しかし現実というものは非情なもので、幼稚舎の頃から憧れていたアイドル的存在は、共学科に出来たらしい彼女を迎えに来ていたようだった。
彼女を害する男子を投げ飛ばして彼女を救出したあと、その女子と一緒に仲良く帰って行く。
もちろん…亜紀のほうになど一瞥もくれることなしに…だ。
それに胸がきゅうっと締め付けられるような思いがして、泣きたくなった。
カッコイイ錆兎君の彼女は、学年三大美少女と言われている女子である。
すごくお似合いだ…。
やっぱりあのレベルの美少女じゃなければ彼の隣には立てないんだな…と、悲しくはあるが諦めの境地で項垂れる亜紀。

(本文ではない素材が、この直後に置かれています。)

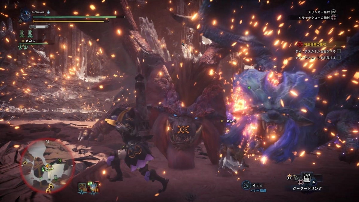 「平伏するより他に無し」は、龍結晶の地でテオ&ナナ夫妻の連続狩猟をするクエストです。このクエストの嫌なところは2体が同時に出現しているところ。1体ずつなら何とかなっても2体集まるともう地獄絵図です。レイア&レウス同様、よく合流するのでホントに厄介!

結局どれだけ裏で策を弄したところで、周りに女の子がいなくなったら別のところから彼にふさわしい可愛い女の子が現れるだけなのだ。
あ~あ…と、諦めて帰ろうとした亜紀は、隣からすごい殺気を感じて、ひぃっ!と声にならない悲鳴をあげてすくみあがった。
──なに、あれ…。なに鱗滝君にべたべたしてるの…あの女…許さない…
低く…低く呟かれるその言葉と視線だけで射殺せそうな鋭い目を外に向けている武藤の様子に、亜紀は10年近く続いた平和な日常がガラガラと崩れ落ちていくのを感じた。